拟南芥AtiPGAM2基因参与非生物胁迫的响应

doi:10.13560/j.cnki.biotech.bull.1985.2023-1139

摘要/Abstract

摘要：

【目的】AtiPGAM2 基因是拟南芥（Arabidopsis thaliana）碱性磷酸酶超家族的成员，参与糖酵解过程。研究AtiPGAM2基因在逆境胁迫下的响应机制，为进一步研究AtiPGAM2的抗逆功能奠定基础。【方法】使用PlantCARE在线软件对AtiPGAM2基因启动子顺式作用元件进行分析。采用实时荧光定量PCR，检测AtiPGAM2在NaCl和ABA胁迫下的响应模式。克隆AtiPGAM2基因转入拟南芥，获得AtiPGAM2基因超表达株系。利用三引物法鉴定Atipgam2突变体。对过表达、突变体和野生型在盐胁迫下的萌发率、绿苗率以及各种非生物胁迫（甘露醇、ABA和MeJA）下的表型，进行统计分析。【结果】其启动子上存在多个光、MeJA、低温、ABA、SA、GAs等非生物胁迫和激素响应元件。荧光定量PCR分析显示，AtiPGAM2在NaCl和ABA胁迫下受到不同程度的诱导。成功获得AtiPGAM2基因过表达和突变体株系。在盐胁迫条件下AtiPGAM2过表达株系萌发率以及绿苗率均高于野生型，突变体表型则相反。甘露醇处理下突变体的萌发率低于野生型。ABA处理48 h内突变体和过表达AtiPGAM2株系的萌发率都低于野生型。MeJA处理下过表达的侧根数量高于野生型，突变体则相反。【结论】AtiPGAM2具有耐盐性，该基因响应甘露醇、ABA 和MeJA处理。

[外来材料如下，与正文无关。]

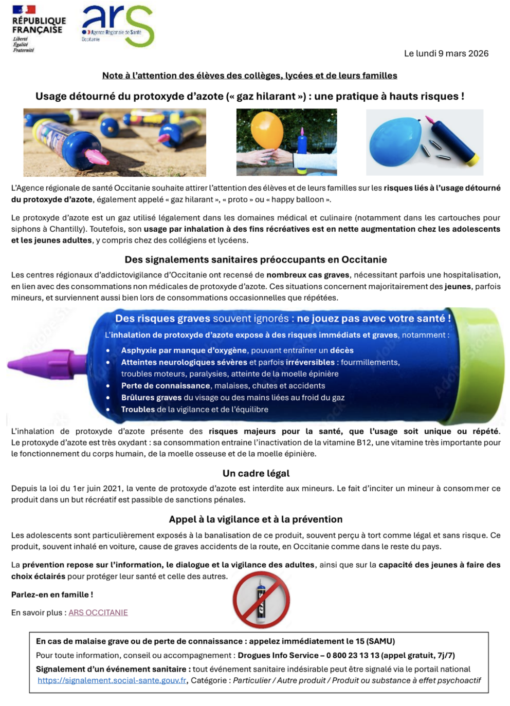 L’Agence Régionale de Santé Occitanie (ARS) nous alerte sur l'usage détourné du protoxyde d'azote chez les adolescents et jeunes adultes.

关键词: AtiPGAM2, 拟南芥, 盐胁迫, 非生物胁迫, 甘露醇, ABA, MeJA

Abstract:

【Objective】The AtiPGAM2 gene is a member of the alkaline phosphatase superfamily in Arabidopsis and is involved in the glycolysis process. Studying the response mechanism of AtiPGAM2 gene under stress conditions lays the foundation for further studying the stress resistance function of AtiPGAM2.【Method】This study used PlantCARE online software to analyze the cis-acting elements of the AtiPGAM2 gene promoter. Real time fluorescence quantitative PCR was used to detect the response patterns of AtiPGAM2 under NaCl and ABA stress. The AtiPGAM2 gene was cloned and transferred it into Arabidopsis to obtain an overexpressing strain of the AtiPGAM2 gene. The Atipgam2 mutant was identified using the three primer method. Statistical analysis was conducted on the germination rate, green seedling rate, and phenotypes under various abiotic stresses, including mannitol, ABA, and MeJA, for overexpression, mutants, and wild-type under salt stress.【Result】There are multiple abotic stress and hormone responsive elements on its promoter, such as light, MeJA, low temperature, ABA, SA, GAs, etc. Fluorescence quantitative PCR analysis showed that AtiPGAM2 was induced to varying degrees under NaCl and ABA stress. AtiPGAM2 gene overexpression and mutant strains were obtained successfully. Under salt stress, the germination rate and green seedling rate of AtiPGAM2 overexpressing strains were higher than those of the wild type, while the mutant surface type was the opposite. The germination rate of the mutant under mannitol treatment was lower than that of the wild-type. The germination rates of mutant and overexpressing AtiPGAM2 strains treated with ABA within 48 h were lower than those of the wild-type. Under MeJA treatment, the number of overexpressed lateral roots was higher than that of the wild-type, while the mutant was the opposite.【Conclusion】AtiPGAM2 has the tolerance to salt, and this gene responds to mannitol, ABA, and MeJA treatments.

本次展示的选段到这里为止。